Aber natürlich gibt es UX-Implikationen. Zum Beispiel kann es schwieriger sein, Text auszuwählen, und das gesamte Element benötigt ziemlich komplexe Styling, um klare Fokus- und Hoverzustände zu erzeugen. Es gibt auch Barrierefreiheitsimplikationen, wie die Tatsache, dass der Inhalt der gesamten Karte gelesen wird, bevor er als Link angekündigt wird.

Hier ist ein Beispiel mit zwei Ansätzen. Der erste umschließt die gesamte Karte mit einem Link. Das ist gültig, aber denken Sie an die Implikationen. Der zweite hat einen Link im Titel, und der Link hat ein Pseudoelement, das die gesamte Karte abdeckt. Auch das hat Implikationen (z. B. etwas umständlich, Text auszuwählen), ist aber für assistive Technologien vielleicht erwartungsgemäßer.

Das zweite Beispiel eröffnet auch die Möglichkeit, mehrere Links einzubinden. Sie können Links nicht verschachteln, daher wird es etwas knifflig, wenn Sie müssen. Es ist jedoch möglich, indem Sie die einzelnen Links mit z-index über dem kartenabdeckenden Link positionieren.

Hier ist das Standardaussehen eines Links

Das Standard-User-Agent-Styling eines Links.

Wahrscheinlich werden Sie das Styling Ihrer Links ändern, und wahrscheinlich werden Sie CSS dazu verwenden. Ich könnte alle meine Links in CSS rot färben, indem ich tue

a {
  color: red;
}

Manchmal ist das Auswählen und Stylen *aller* Links auf einer Seite etwas zu stark, da Links in der Navigation möglicherweise ganz anders behandelt werden als Links im Text.
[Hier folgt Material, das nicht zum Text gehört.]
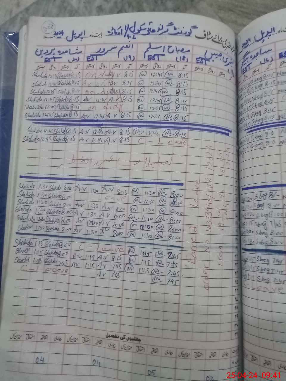 | Leave | Duty | Absent | Maternity | Medical | Ex- Pak |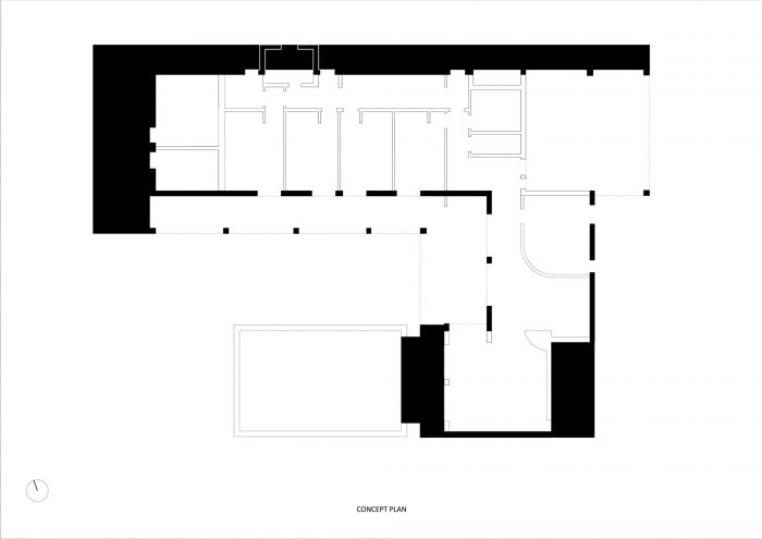 The new configuration is achieved through new volumes that are attached to the existing building in the continuity of existing plans and replicating the geometry of coverage plans, but distinguishing itself through its singular materiality.

Sie können Selektoren immer beschränken, um Links in bestimmten Bereichen anzusprechen, wie z. B.

/* Navigation links */
nav a { }

/* Links in an article */
article a { }

/* Links contained in an element with a "text" class */
.text a { }

Oder wählen Sie den Link direkt aus, um ihn zu stylen.

.link {
  /* For styling <a class="link" href="/"> */
}

a[aria-current="page"] {
  /* You'll need to apply this attribute yourself, but it's a great pattern to use for active navigation. */
}

Links sind fokussierbare Elemente. Mit anderen Worten, sie können mit der Tab-Taste auf der Tastatur ausgewählt werden. Links sind vielleicht das häufigste Element, bei dem Sie die verschiedenen Zustände sehr bewusst gestalten werden, einschließlich eines :focus-Zustands.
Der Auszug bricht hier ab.